"""

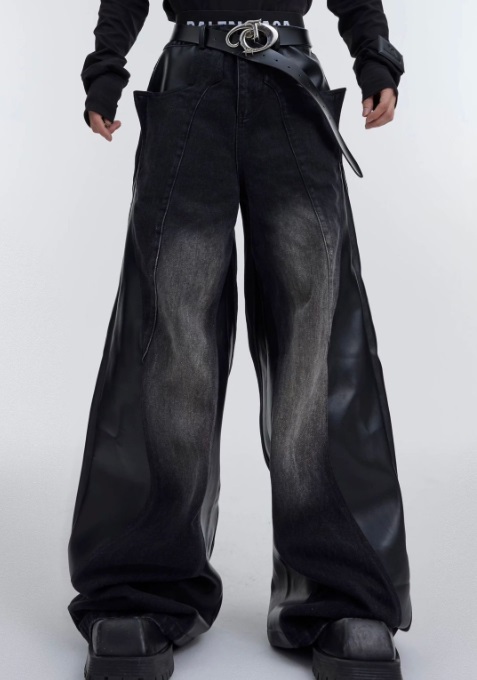 - 新入荷 デニムパンツ ジーンズ オートバイ ワイドパンツ メンズ PU切り替え ハロンパンツ アメカジ 黒/2XL
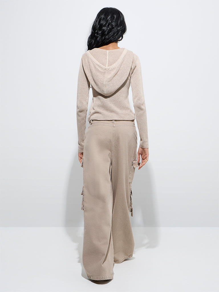 These beige jeans from Nuon are fashioned in a cargo silhouette from a cotton-rich fabric for durability and comfort. Detailed with a buttoned waist, belt loops, and a zip fly, they also feature multiple pockets for added utility.
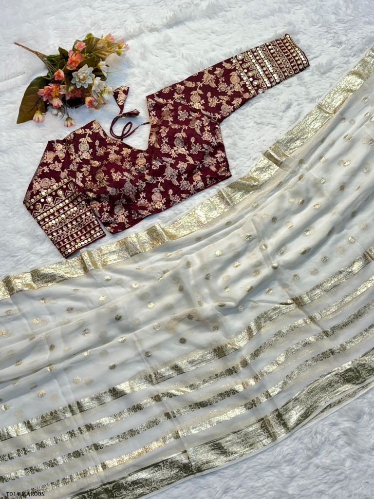 PURE VISCOSE SAREE WITH READY MADE DOLA BLOUSE
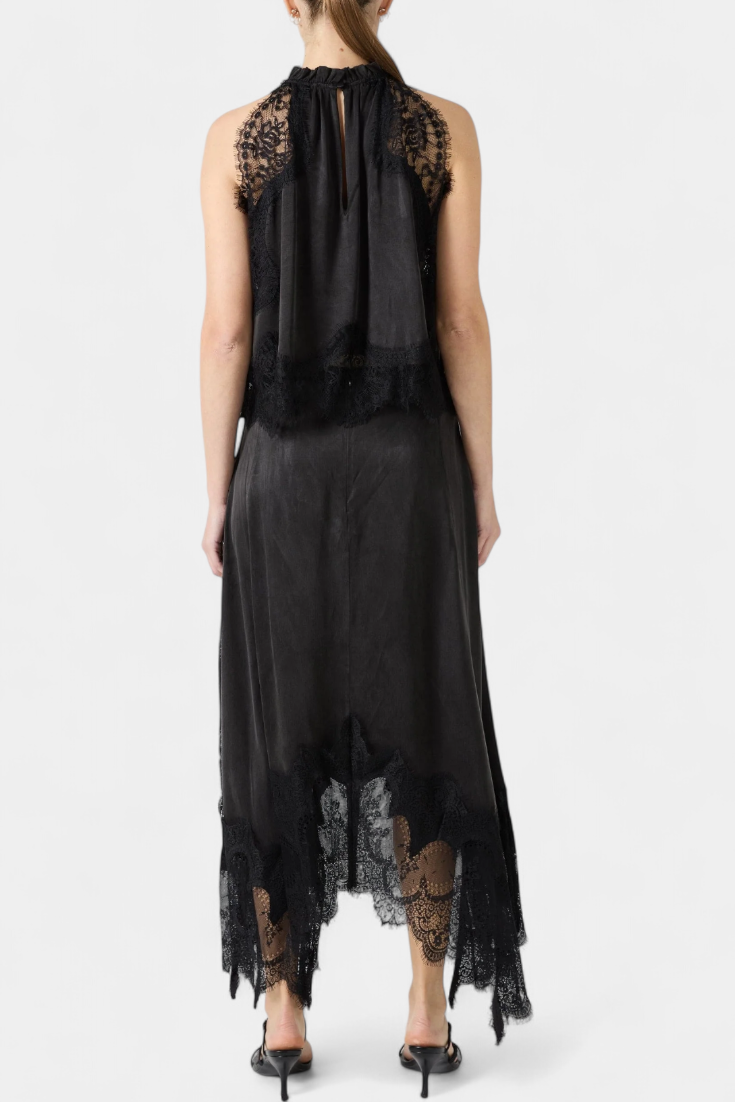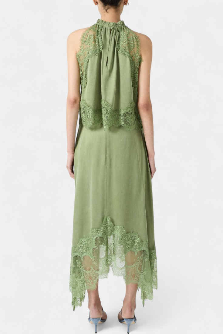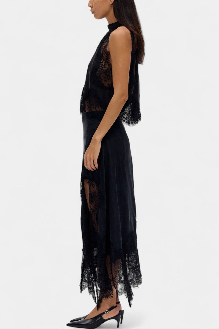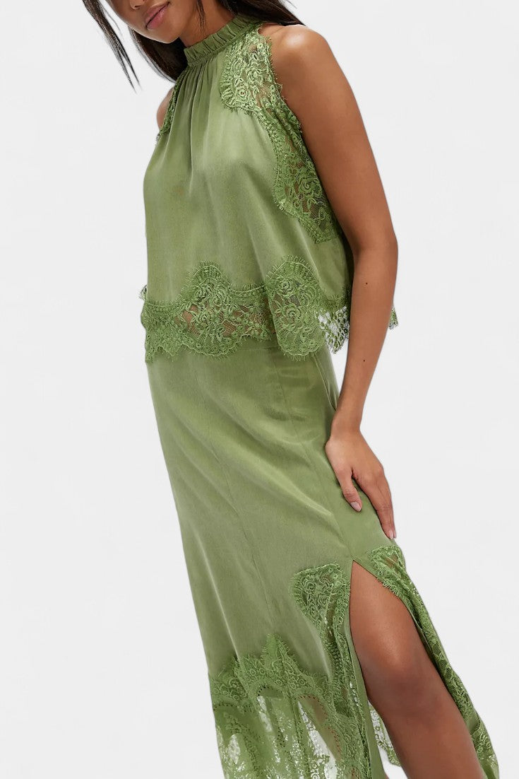 Coralena Conjunto de Falda Midi de Encaje con Dobladillo Asimétrico
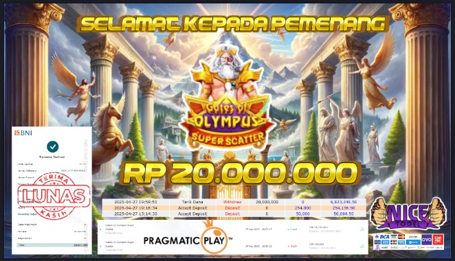 Selamat kepada member NICETOGEL User id :GAE** Telah berhasil mendapatkan kemenangan besar pada permainan SLOT GATES OLYMPUS SUPERSCATTER Dengan kemenangan Sebesar Rp.20.000.000,- Setelah mengisi formulir withdraw dengan kurung waktu hanya 5 – 10 menit pihak NICETOGEL sudah melakukan transfer kepada pemilik Userid dan dana sudah dapat di cairkan oleh pemenang. Bukti pembayaran yang kami berikan merupakan bukti pembayaran yang SAH / VALID yang langung di dapatkan melaui tanda transfer transaksi dari Bank yang di tuju.

"""

Give back the exact lines above, running from the one that has "These beige jeans" through the one that has "Coralena Conjunto de", with nothing added and no pictures.

> **Exercise response**:
 These beige jeans from Nuon are fashioned in a cargo silhouette from a cotton-rich fabric for durability and comfort. Detailed with a buttoned waist, belt loops, and a zip fly, they also feature multiple pockets for added utility.
 PURE VISCOSE SAREE WITH READY MADE DOLA BLOUSE
 Coralena Conjunto de Falda Midi de Encaje con Dobladillo Asimétrico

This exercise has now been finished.